Chicago Tribune article, August 7, 1973 |
August 7, 1973 – Following the third
murder of a woman in Grant Park in less than a year, the Chicago Tribune editorializes about “Our Unsafe City.” [Chicago
Tribune, August 7, 1973] “That women should be killed in the front yard of
downtown Chicago,” the editorial states, “is shocking and shameful. That the murders remain unsolved compounds
the shame.” The Tribune offers three areas that should be considered immediately. “The facts call for more than hand
wringing. They call for more rigorous
police work in the future than in the past,” the editorial states. Along with that, “The facts call also for
constant concern on the part of everyone for the safety of both oneself and of
others.
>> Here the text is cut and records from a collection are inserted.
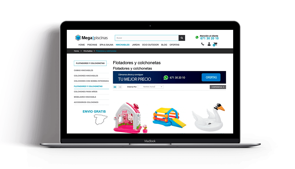 MegaPiscinas es un e-commerce o tienda online sobre productos del verano y el ocio en jardines y al aire libre. Queremos ofrecerle un servicio exquisito y personalizado como se merece. Si tiene toda la información es más facil tomar una buena decisión. Nuestros manuales simplificados y los vídeos tutoriales le ayudarán con el montaje y el mantenimiento de su nueva adquisición.Nosotros trabajamos con los mejores fabricantes del sector para que usted tenga un producto de máxima calidad al mejor precio. No nos interesa el más barato, nos interesa el mejor y en eso ponemos nuestro esfuerzo.Nuestra actividad esta enfocada a las piscinas desmontables o piscinas elevadas y todo lo necesario para su mantenimiento como los robots limpia fondos, productos de tratamiento del agua, cascadas de agua, filtros de arena y filtros de cartucho, bombas y mucho más. Tenemos excelentes SPAs americanos, SPAs hinchabes, saunas Holandesas y una amplia gama de embarcaciones hinchables, de juego y de paseo o pesca.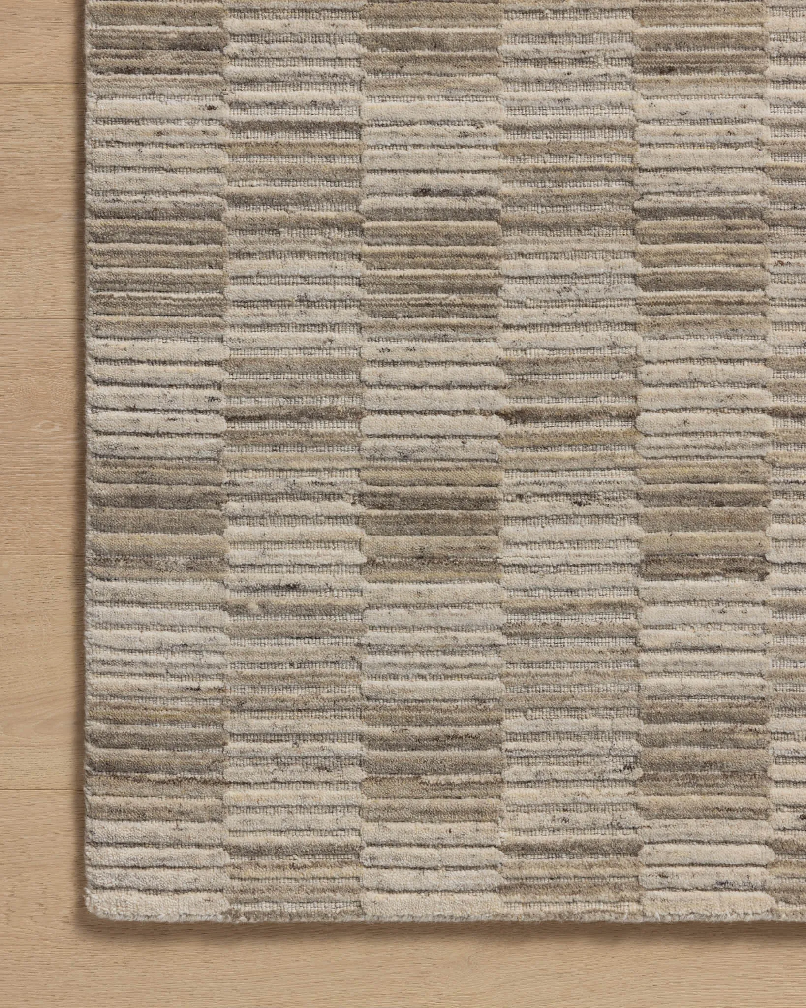 The Marlowe Collection by Amber Lewis x Loloi is a handmade area rug with a coastal-inspired gridded design in natural color palettes. The rugs muted pattern adds understated depth with a durable, thick pile. This collection is hand-loomed of wool in India and Goodweave-certified, ensuring our commitment to ethical production and the support of weavers communities.
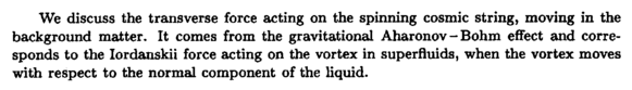 We discuss the transverse force acting on the spinning cosmic string, moving in the background matter. It comes from the gravitational Aharonov Bohm effect and corresponds to the Iordanskii force acting on the vortex in superfluids, when the vortex moves with respect to the normal component of the liquid.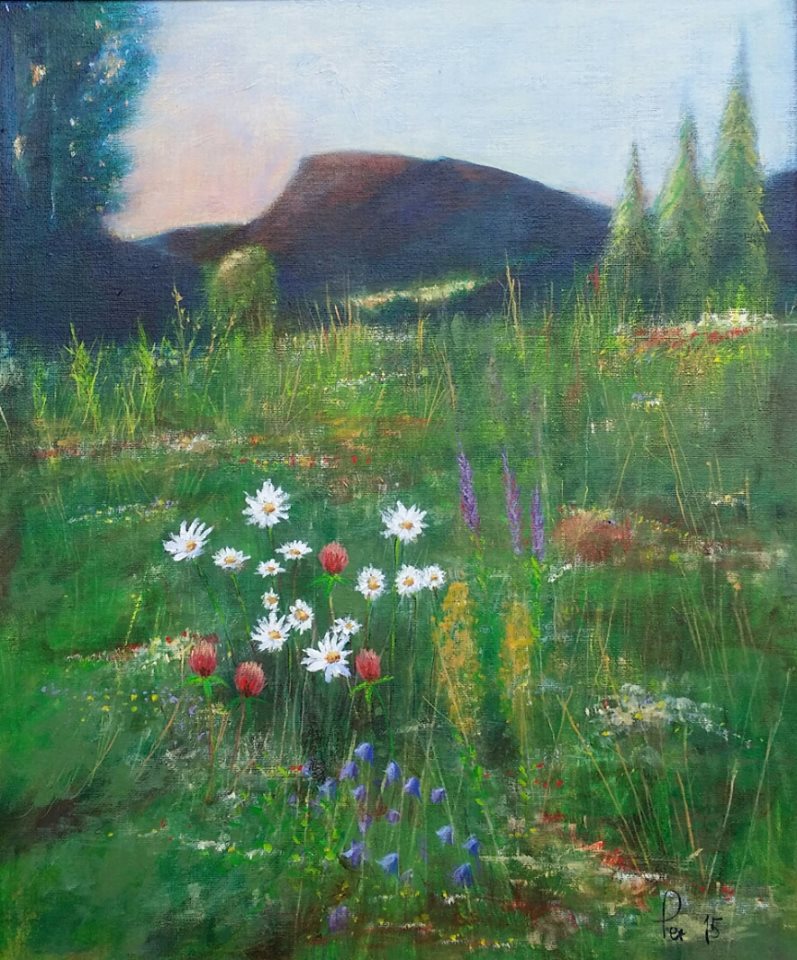 Tidlig morgen over blomsterenga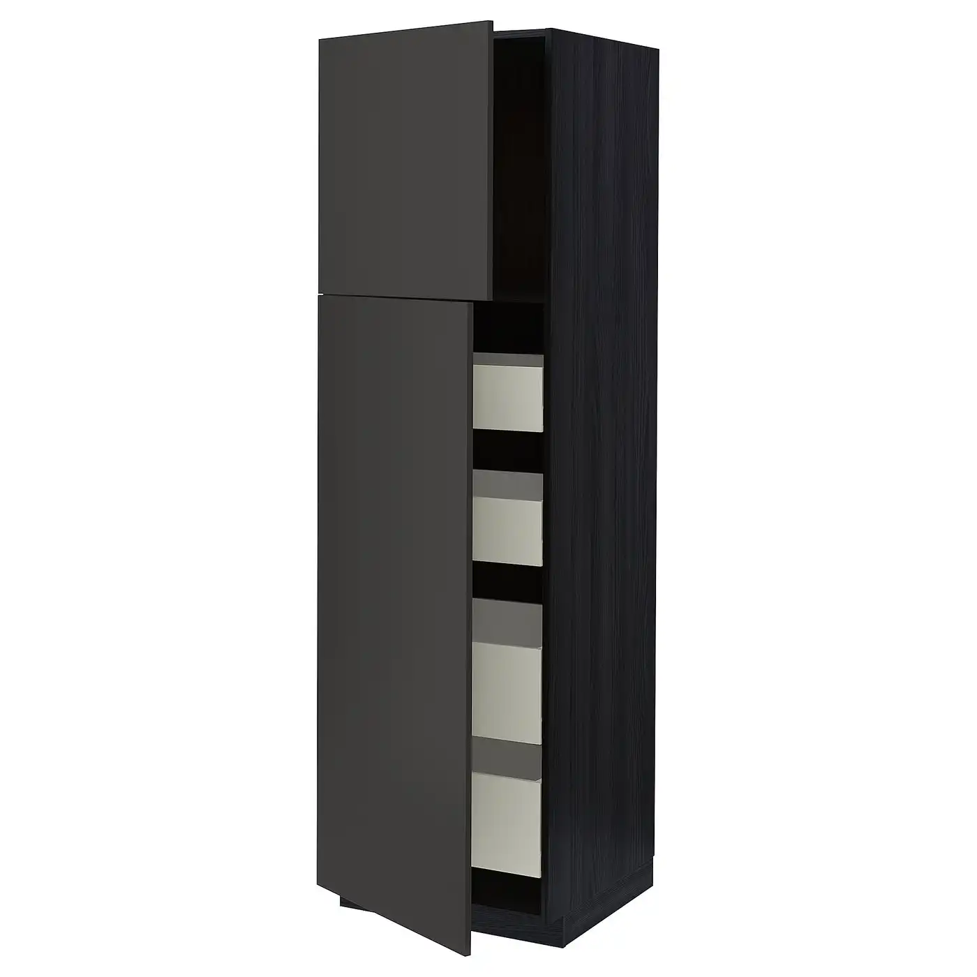 METOD / MAXIMERA Hi cab f ov w dr/2 frnts/2 hi drwrs - black/Nickebo matt anthracite 60x60x200 cm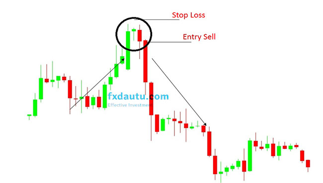+ Vào lệnh Entry Sell sau khi nến xác nhận giảm kết thúc.

Public awareness of risk needs
to be heightened, tho of course short of panic or neurosis.” And, finally, “…
prudence suggests staying away from wooded areas without sight lines to
passers-by, even when those areas are in heavily used public parks … Broad
daylight is not sufficient protection.”
The editorial concludes, “It is shameful that, more and more, people
have reason to become wary like antelopes among predators. The harsh fact is that vicious crime in
public places is an ever present possibility in cities, including Chicago. Heightened vigilance by both police and
public offers the best—tho an imperfect—defense.”
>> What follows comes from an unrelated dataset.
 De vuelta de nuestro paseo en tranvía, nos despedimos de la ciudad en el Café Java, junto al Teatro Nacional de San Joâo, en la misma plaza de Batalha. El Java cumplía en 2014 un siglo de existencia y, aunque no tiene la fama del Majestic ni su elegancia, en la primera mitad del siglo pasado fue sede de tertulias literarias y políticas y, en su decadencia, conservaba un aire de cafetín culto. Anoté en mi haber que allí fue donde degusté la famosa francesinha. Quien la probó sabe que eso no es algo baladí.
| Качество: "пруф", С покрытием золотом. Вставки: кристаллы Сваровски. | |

August 7, 1910: The Chicago Daily Tribune once again editorializes about the evil of the Illinois Central Railroad, writing, “Yesterday was a perfect day in Chicago. The sky was cloudless and the lake a blue turquoise, save along the eastern edge of the south side. There the vile smoke from a hundred coughing locomotives of the Illinois Central railroad made it seem the gateway to the inferno. All along one-half of what should be the most magnificent city water front of the world went the disfiguring trains drawn by engines, the stacks of which belched forth clouds of smoke and showers of embers. The public library, the Art institute, the hotels, the business blocks, and miles and miles of private residences are all begrimed and polluted by this nuisance. Books, pictures, and furniture are discolored by it, health is endangered, and a property loss of millions constantly increased.” The paper presents only one viable alternative: electrification. Yet, it is pessimistic about such a remedy ever occurring. “A corporation like the Illinois Central never improves its service until the balance goes against it,” the editorial ends. “Or until a municipality takes it by the back of its corporate neck and squeezes it into compliance with a popular and imperative demand.” At this point the Illinois Central operated over 300 steam trains into and out of Chicago. It would take 16 more years before the commuter tracks were electrified from downtown to Matteson.